Extracted entries:
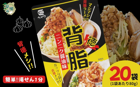 背脂 ニンニク醤油味 80g × 20袋 | 背脂 背油 背徳メシ ニンニク にんにく 豚骨 トンコツ スープ 豚肉 ご飯 チャーハン 炒飯 カレー ラーメン 本格派 二郎系 レトルト インスタント パウチ 湯煎 湯せん がっつり ガッツリ やみつき 美味い 旨い おいしい 美味しい おすすめ オススメ 取り寄せ 自宅で 簡単 時短 平和食品工業 埼玉県 草加市
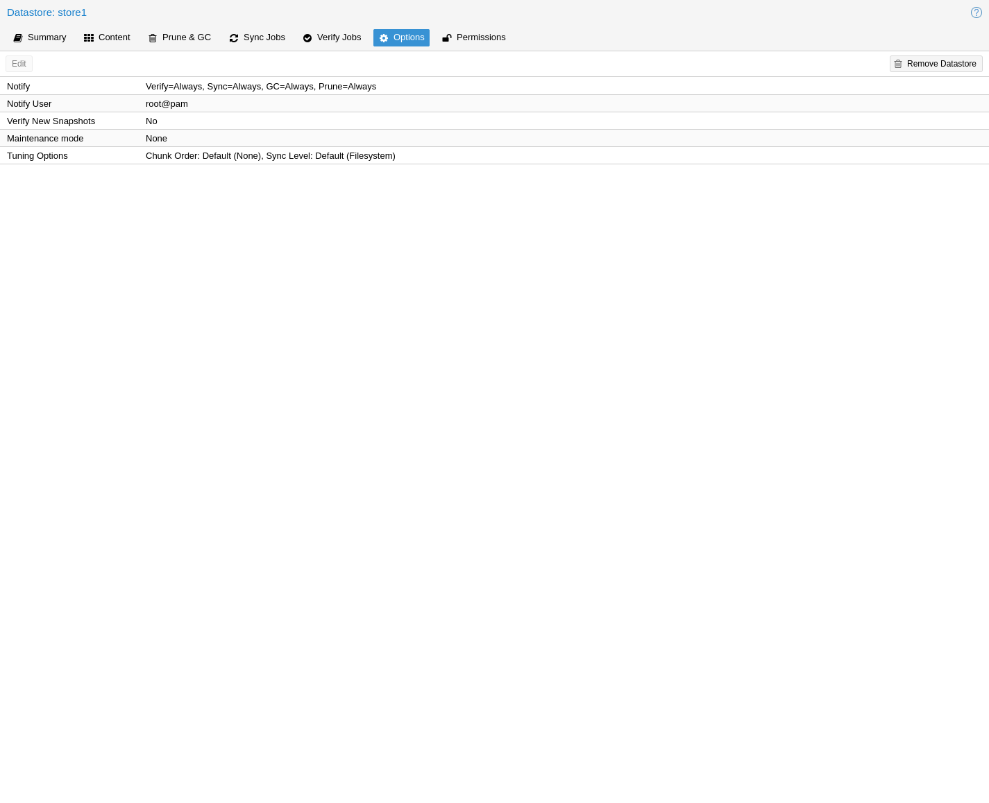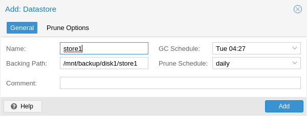 # proxmox-backup-manager datastore create store1 /backup/disk1/store1
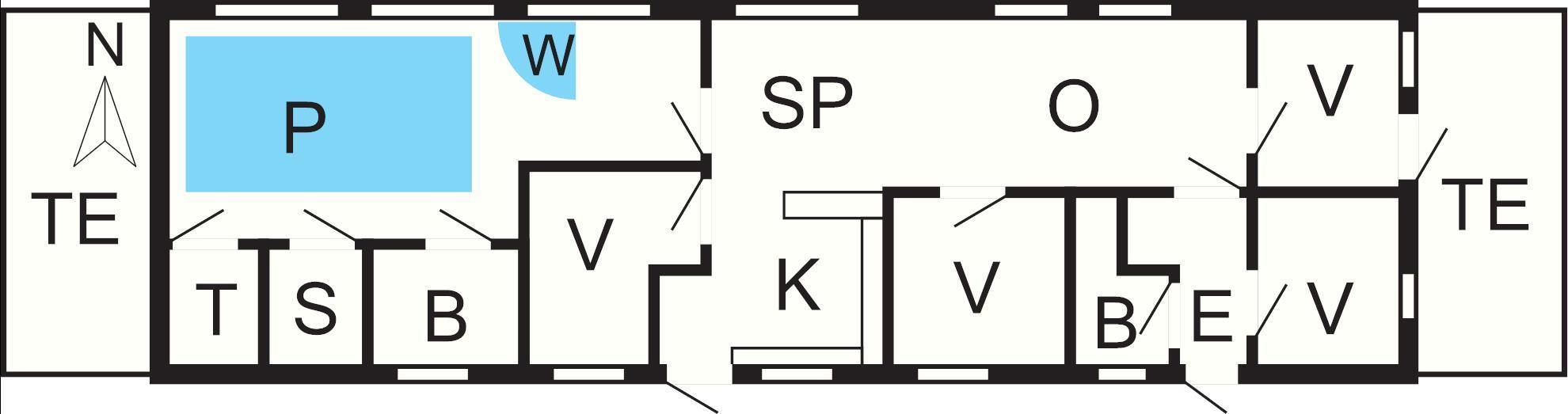 I poolafdelingen findes skøn swimmingpool, spabad samt sauna. Her er rig mulighed for afslapning samt selvforkælelse. Mellem stue og poolafdelingen er der store vinduespartier, så det er nemt at holde øje med f.eks. børnene mens de bader. Poolen opvarmes også af energibesparende varmepumpe.
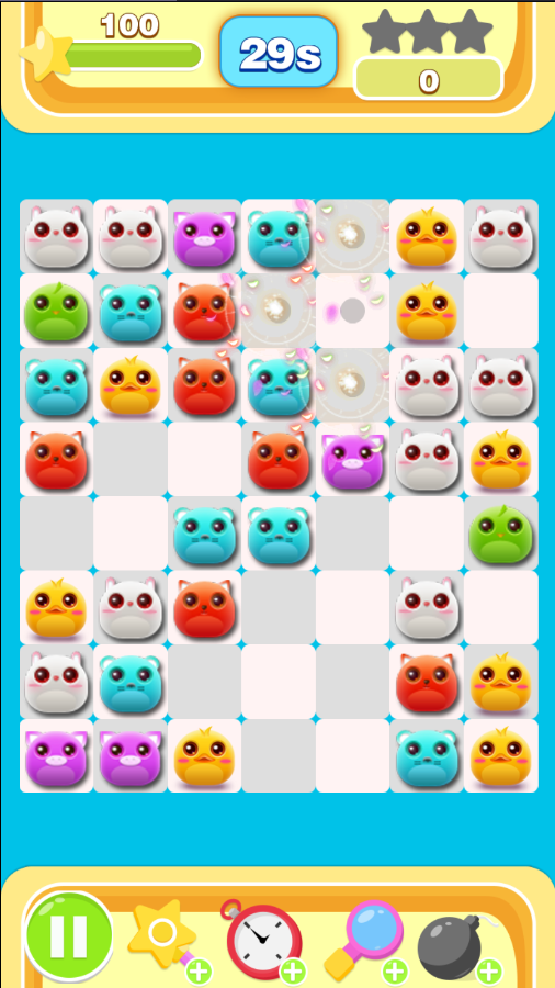 《天天十字消》是一款经典的消除类游戏。超可爱的画面,游戏中每个萌宠都萌点十足,表情各不相同,忍不住想每一个都捏一下。游戏很考验玩家的眼力,玩家需从这些可爱的萌宠中立刻找到相同的消除后来赚取分数,只有分数达到才能顺利闯过关卡,每关时间的限制提升了玩家的紧张感,及时运用拥有的道具才能快速。
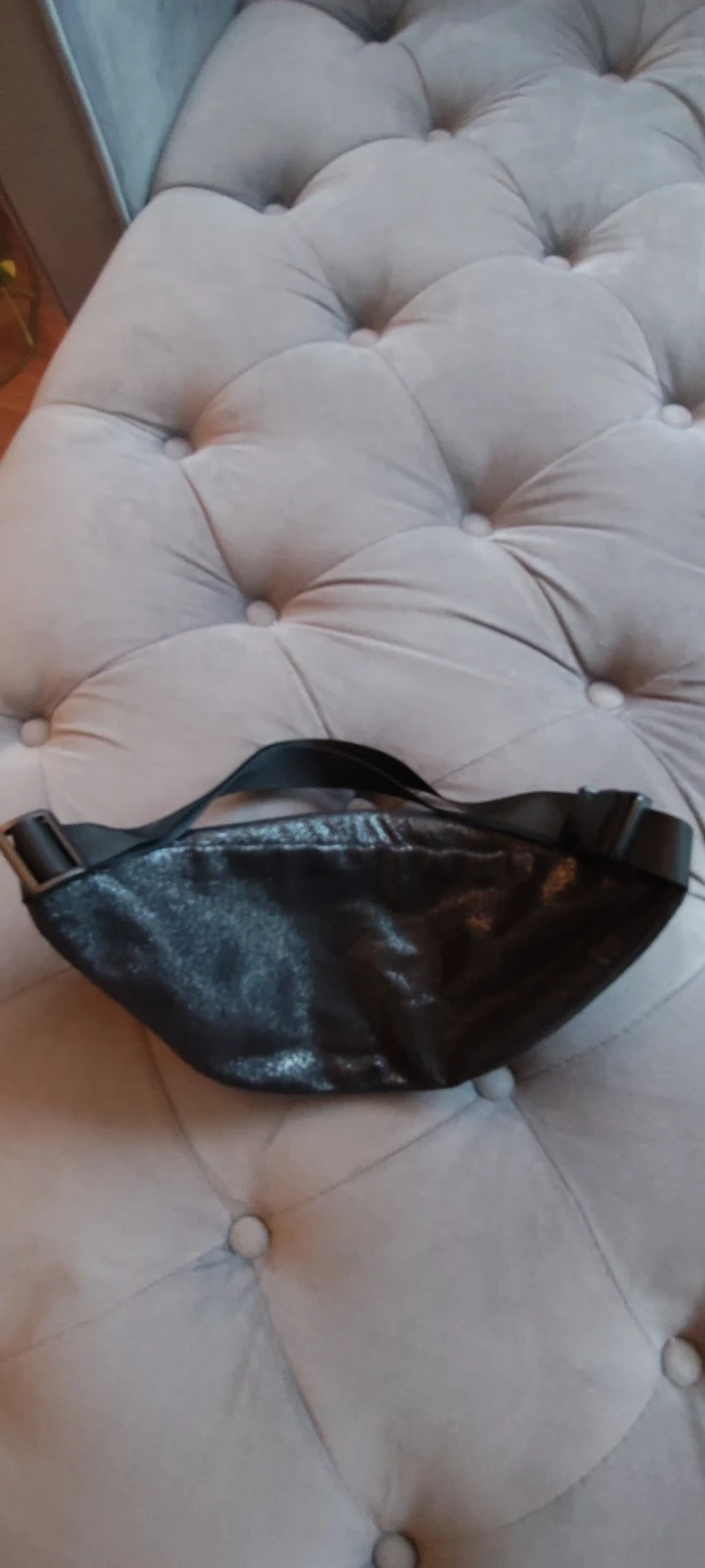 This black fanny pack is made of textured faux leather. It has a zippered main compartment and an adjustable strap. It's great for keeping your essentials handy while on the go!

What this task involves: Hand back the data above exactly, leaving out all pictures.

Task solution:
 背脂 ニンニク醤油味 80g × 20袋 | 背脂 背油 背徳メシ ニンニク にんにく 豚骨 トンコツ スープ 豚肉 ご飯 チャーハン 炒飯 カレー ラーメン 本格派 二郎系 レトルト インスタント パウチ 湯煎 湯せん がっつり ガッツリ やみつき 美味い 旨い おいしい 美味しい おすすめ オススメ 取り寄せ 自宅で 簡単 時短 平和食品工業 埼玉県 草加市
 # proxmox-backup-manager datastore create store1 /backup/disk1/store1
 I poolafdelingen findes skøn swimmingpool, spabad samt sauna. Her er rig mulighed for afslapning samt selvforkælelse. Mellem stue og poolafdelingen er der store vinduespartier, så det er nemt at holde øje med f.eks. børnene mens de bader. Poolen opvarmes også af energibesparende varmepumpe.
 《天天十字消》是一款经典的消除类游戏。超可爱的画面,游戏中每个萌宠都萌点十足,表情各不相同,忍不住想每一个都捏一下。游戏很考验玩家的眼力,玩家需从这些可爱的萌宠中立刻找到相同的消除后来赚取分数,只有分数达到才能顺利闯过关卡,每关时间的限制提升了玩家的紧张感,及时运用拥有的道具才能快速。
 This black fanny pack is made of textured faux leather. It has a zippered main compartment and an adjustable strap. It's great for keeping your essentials handy while on the go!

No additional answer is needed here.